Adam Herbert, a senior editor at AFA Magazine, writes that Air Force Space Command is attempting to install a hair trigger in outer space:
Over the years, space essentially has been a militarily benign environment. For that reason, operators had come to assume that failures were the result of equipment malfunctions – not the deliberate and malicious acts of enemies.
Space Command is trying to break operators of that thinking. The first response when something goes wrong, said Maj. Gen. (sel.) Daniel J. Darnell, commander of AFSPC’s Space Warfare Center, should be “think possible attack.”
Amazing.
Of course, operators start from the assumption of malfunctions because U.S. space assets have never been deliberately attacked—a point that I’ve made over and over on this blog.
“Don’t these people read my work?”
One of the major arguments for arms control rests on inadequacies in the rational actor model of deterrence. Think of arms control as a set of organizational responses to the various modes of failure for deterrence. One of the biggest problems with deterrence is a little a theorem developed by Thomas Bayes to calculate conditional probabilities.
To be very simple-minded, Bayes argues that we start with a prior assumption (an attack, for example, is underway or not) and update it to reflect a new piece of information (such as a warning). That small adjustment to the rational actor model has big implications for deterrence.

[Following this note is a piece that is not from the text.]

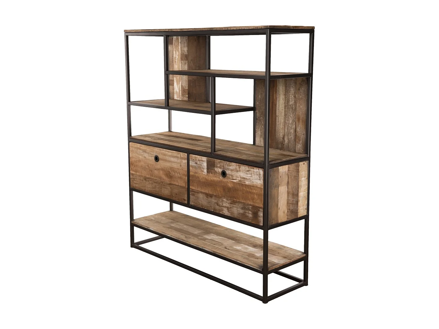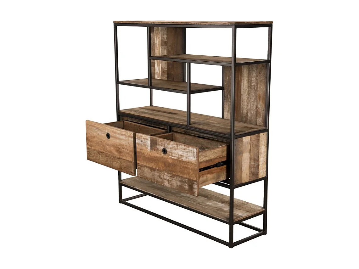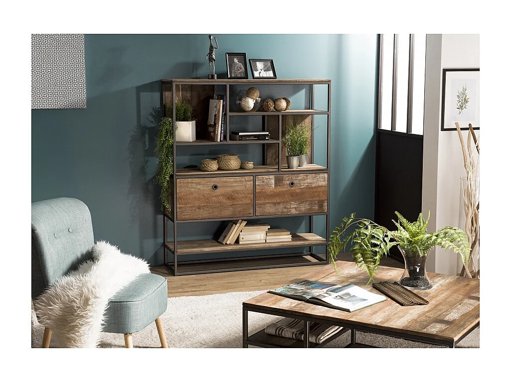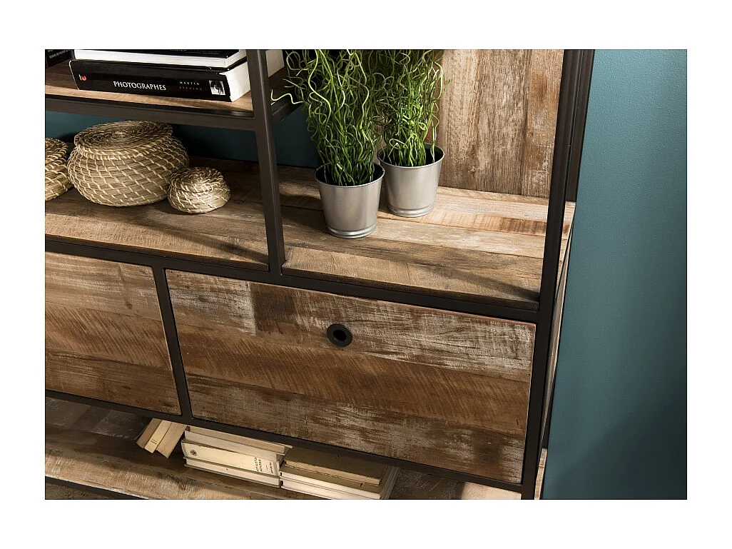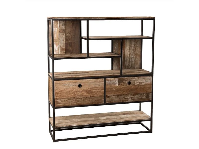 SIXTINE - Étagère marron 2 tiroirs et 7 niches bois de Teck recyclé

For example, warning systems for nuclear weapons will not work very well—a point ably demonstrated in a slim volume by Bruce Blair and John Steinbruner enitled The Effects of Warning on Strategic Stability (Brookings Institution Press 1991).
Blair and Steinbruner argue that warnings of a nuclear attack (which would include a conventional attack on space systems) will not have enough time or salience to overcome the National Command Authorities prior belief that an attack is or is not underway. The result is that a “bolt from the blue” will be discounted in peacetime, while a false alarm in a (very) deep crisis would start a war.
The implication of Blair and Steinbruner’s argument, in the nuclear context, would be to ease off what then-Governor Bush called high-alert, hair-trigger status [of nuclear weapons]—another dangerous vestige of Cold War confrontation.
They would not propose, as AFSPC does, extending the nuclear hair trigger back into space.